MATERIALS PROVIDED below:

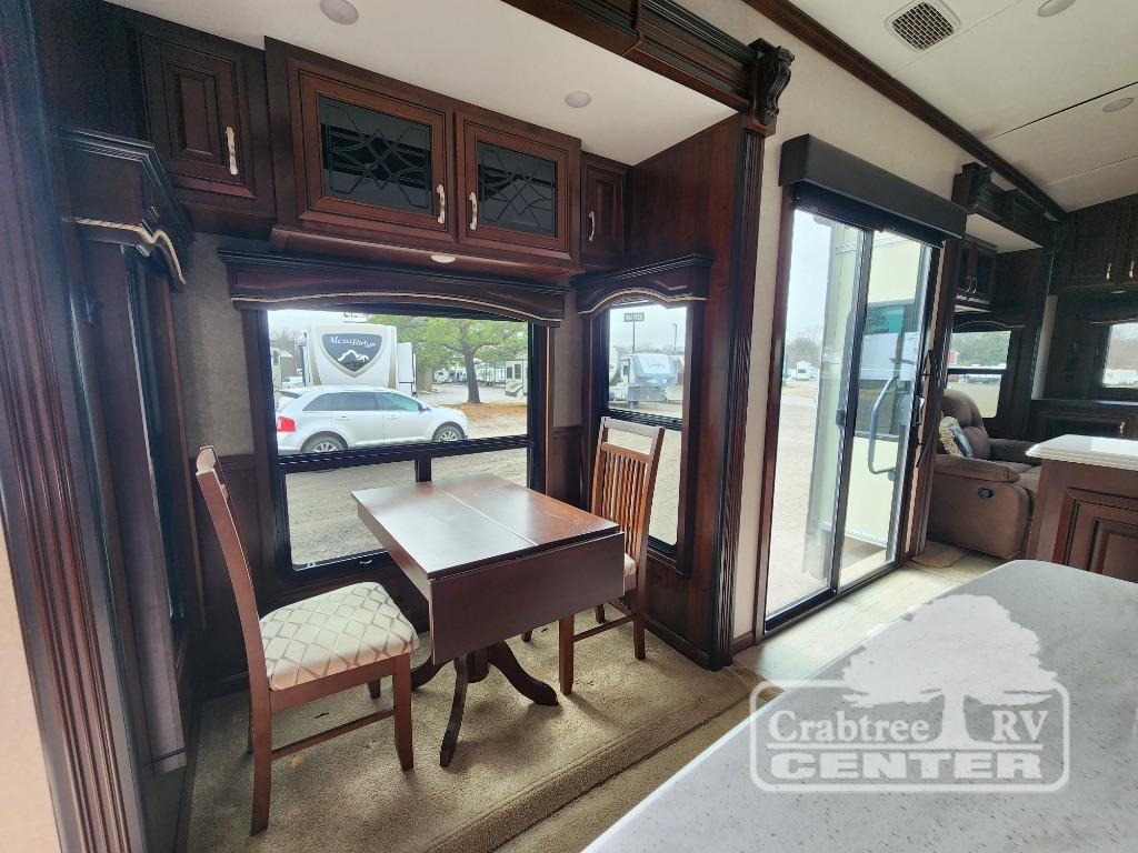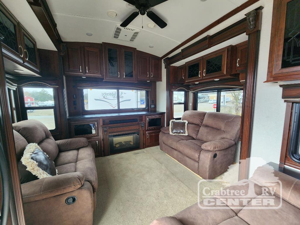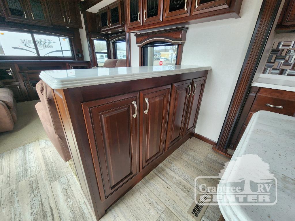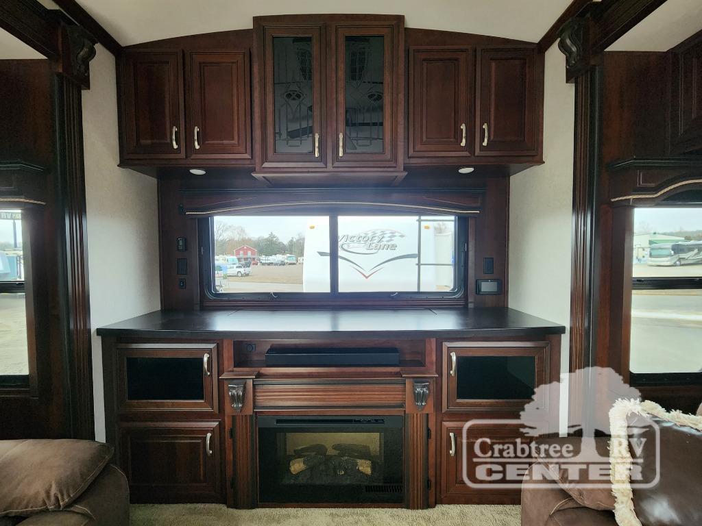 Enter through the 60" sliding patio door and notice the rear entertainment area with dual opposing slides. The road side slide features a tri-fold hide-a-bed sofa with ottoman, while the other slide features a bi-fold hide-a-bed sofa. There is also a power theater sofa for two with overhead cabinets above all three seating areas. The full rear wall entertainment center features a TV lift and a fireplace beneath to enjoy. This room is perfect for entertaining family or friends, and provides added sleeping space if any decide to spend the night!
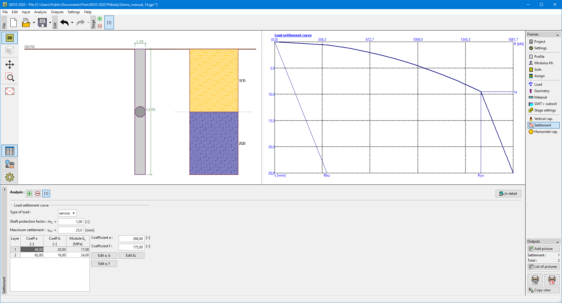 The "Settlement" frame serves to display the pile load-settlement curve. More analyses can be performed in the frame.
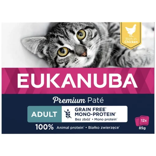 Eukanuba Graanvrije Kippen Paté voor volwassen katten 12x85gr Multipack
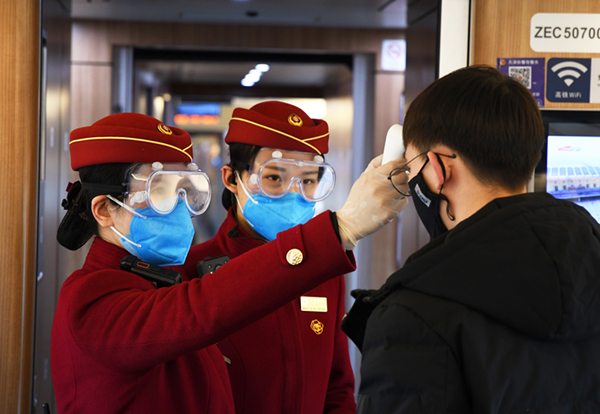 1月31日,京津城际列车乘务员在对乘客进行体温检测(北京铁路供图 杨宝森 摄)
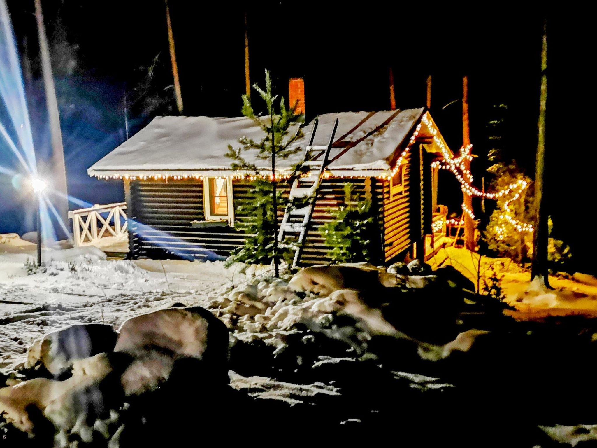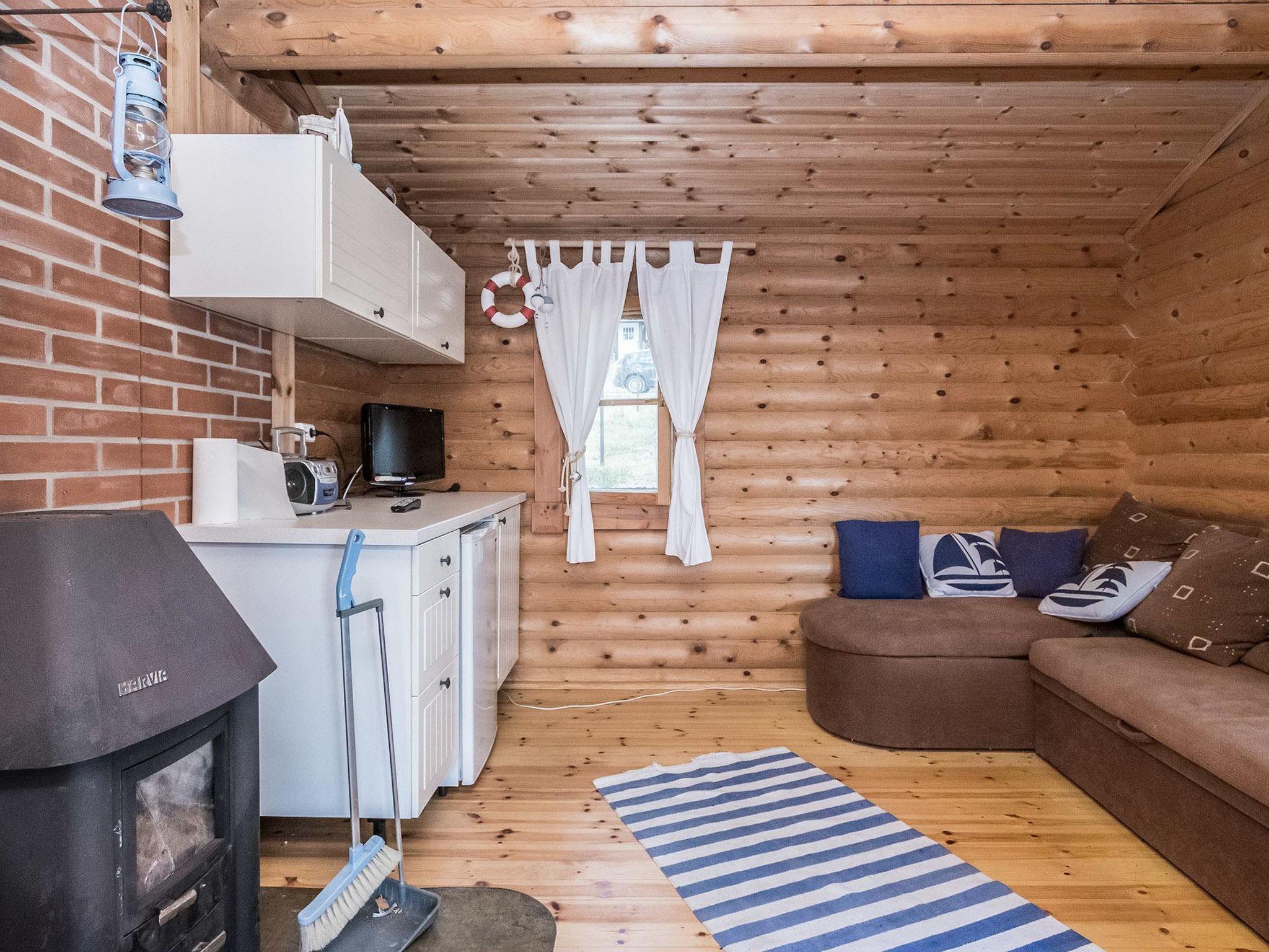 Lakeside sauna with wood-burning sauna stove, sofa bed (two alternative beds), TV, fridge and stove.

End of MATERIALS PROVIDED.

### EXERCISE
Everything in the records above should be retyped exactly except the pictures.

### EXERCISE RESULT
 Enter through the 60" sliding patio door and notice the rear entertainment area with dual opposing slides. The road side slide features a tri-fold hide-a-bed sofa with ottoman, while the other slide features a bi-fold hide-a-bed sofa. There is also a power theater sofa for two with overhead cabinets above all three seating areas. The full rear wall entertainment center features a TV lift and a fireplace beneath to enjoy. This room is perfect for entertaining family or friends, and provides added sleeping space if any decide to spend the night!
 The "Settlement" frame serves to display the pile load-settlement curve. More analyses can be performed in the frame.
 Eukanuba Graanvrije Kippen Paté voor volwassen katten 12x85gr Multipack
 1月31日,京津城际列车乘务员在对乘客进行体温检测(北京铁路供图 杨宝森 摄)
 Lakeside sauna with wood-burning sauna stove, sofa bed (two alternative beds), TV, fridge and stove.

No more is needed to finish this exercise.